There is a need to thoroughly review the above issues to mitigate the grievance of the province by giving people-friendly governance. It is also important to note that the unit costs of development and the maintenance of services are higher in Balochistan because of its low population density and relatively low urban population share (28 percent). The dominance of the capital city, Quetta, is pronounced. Its share of the urban population is 32 percent. There is a clear need to develop a network of secondary cities and towns across the province. Compared to the rest of Pakistan, the sub-sectors which lag in Balochistan are major crops, manufacturing, transport and communications, finance, insurance, and private services.
China-Pakistan Economic Corridor (CPEC) can significantly push Balochistan’s development.

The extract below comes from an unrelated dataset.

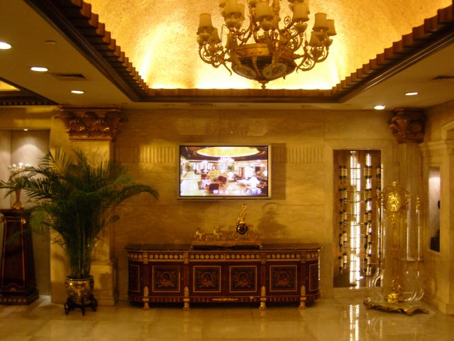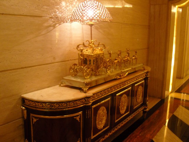 王朝大酒店果然一派王朝气势,不消说店堂的金碧辉煌,就连店里到处摆设的各种精美的摆设,就更让我看的眼花缭乱了。几乎是每隔两步的墙边就会有一个装饰性的摆设,当然,这些摆设不是华贵无比就是艺术感极强的。
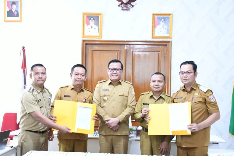 Banyuasin – Pj Bupati Banyuasin Muhammad Farid S.STP MSi didampingi Asisten I Setda Banyuasin Dr Ir Izro Maita MSi dan Kepala Perangkat Daerah (KPD) Banyuasin melaksanakan Sosialisasi dan Serah terima Akses aplikasi Sistem Keuangan Desa (Siskeudes) versi 2.0.

The Gwadar port project is near completion, and the first phase of the free industrial zone has been finalized. The early completion of CPEC’s eastern corridor to Gwadar is urgently needed. Special incentives for establishing industrial units and housing in Gwadar can expedite the pace of development. Moreover, Balochistan’s coastal belt development should promote fishing and offshore oil and gas exploration.
Regardless of the political jostling in the province, the issue of governance matters most. Everyone should ask whether Balochistan’s current rulers have the plans or capability to address the above problems.

The writer is a former Ambassador of Pakistan in Iran and UAE. He is currently working as a Senior Research Fellow in the Islamabad Policy Research Institute (IPRI).